**Your instructions**
Nothing but the lines from the top of the data to the line holding "1, 5 light levels, can" should be printed, word for word and both ends included; leave the pictures out.

**Supplied material**
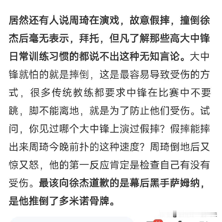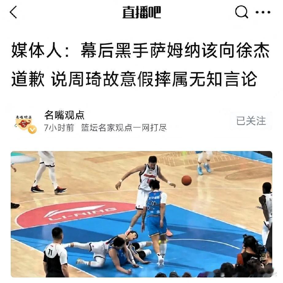 广东惨败夜,媒体人敦促萨姆纳向周琦和徐杰道歉!称“幕后黑手”。恕我眼拙,萨姆纳的确在阻止周琦下快攻时做出非职业球员防守动作,上面用手推周琦的腰,下面用脚勾拌周琦的脚,得亏是徐杰充当缓冲垫的角色,否则后果不堪设想,借此媒体人付政浩赛后发文称没悬念的比赛,萨姆纳把徐杰搞伤百死莫赎,想想不无道理,国家队比赛临近,徐杰的受伤关系很大。谢教父也同样要求萨姆娜立刻道歉
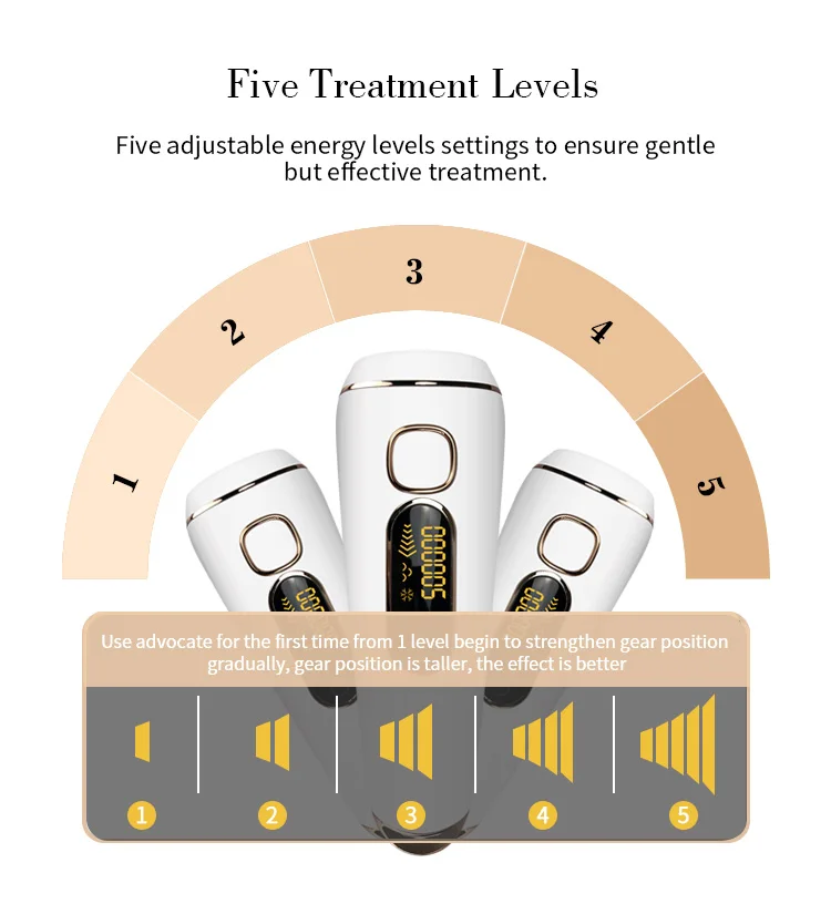 1, 5 light levels, can satisfy your demands on different hair removal parts.
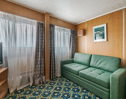 В каюте: два дивана-книжки (раскладываются), два спальных места вторым ярусом, два шкафа для одежды, зеркало, телевизор, холодильник, радио, фен, два обзорных окна, электророзетка на 220V.
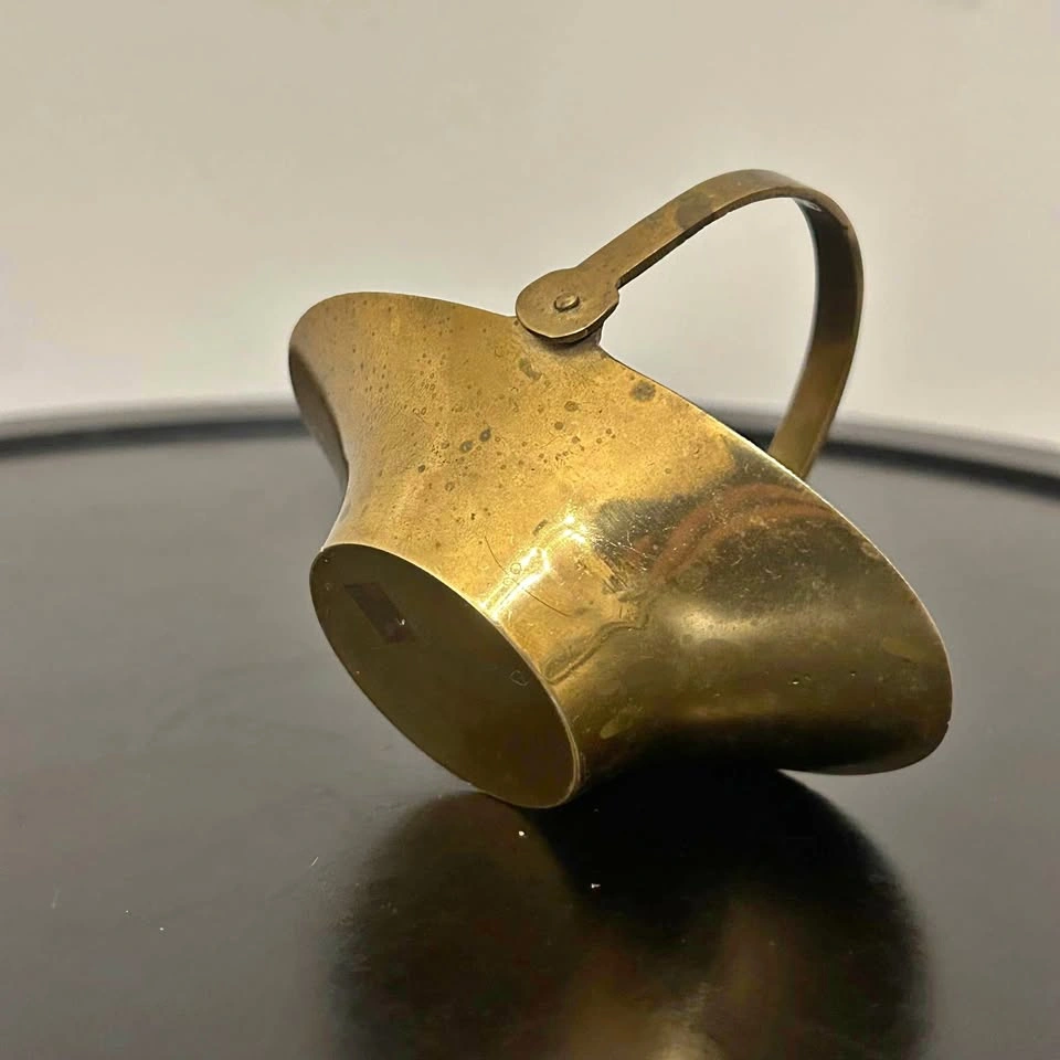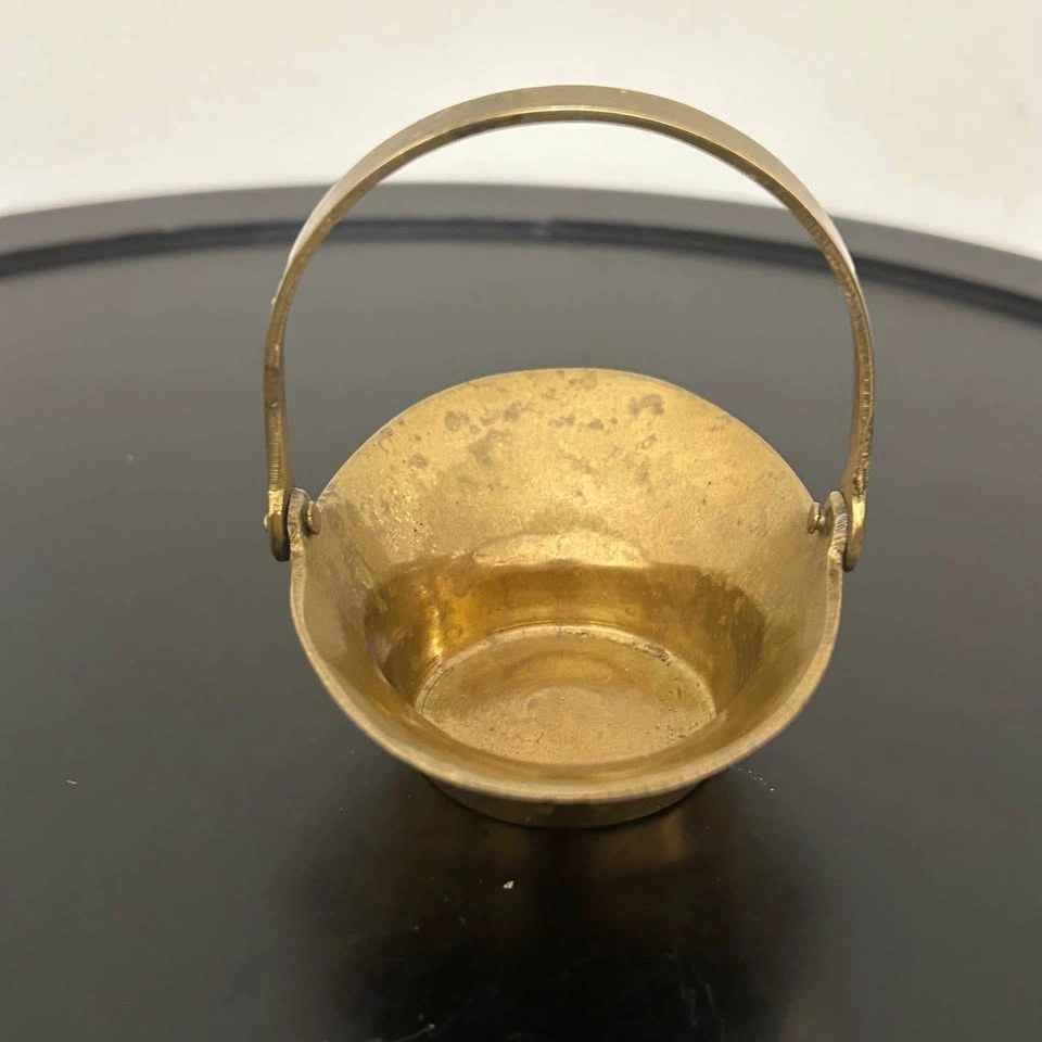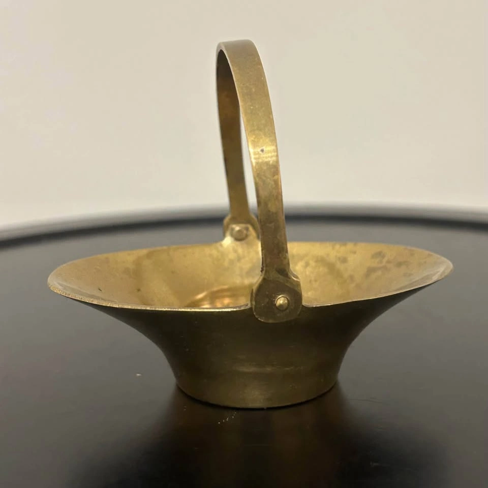 Charming vintage mini brass basket featuring a flared base and smooth curved handle. This timeless little piece makes a beautiful accent for a shelf, desk, or display case — perfect for holding rings, trinkets, or small flowers. The aged brass patina adds a lovely warm tone and vintage character.

**Final answer**
 广东惨败夜,媒体人敦促萨姆纳向周琦和徐杰道歉!称“幕后黑手”。恕我眼拙,萨姆纳的确在阻止周琦下快攻时做出非职业球员防守动作,上面用手推周琦的腰,下面用脚勾拌周琦的脚,得亏是徐杰充当缓冲垫的角色,否则后果不堪设想,借此媒体人付政浩赛后发文称没悬念的比赛,萨姆纳把徐杰搞伤百死莫赎,想想不无道理,国家队比赛临近,徐杰的受伤关系很大。谢教父也同样要求萨姆娜立刻道歉
 1, 5 light levels, can satisfy your demands on different hair removal parts.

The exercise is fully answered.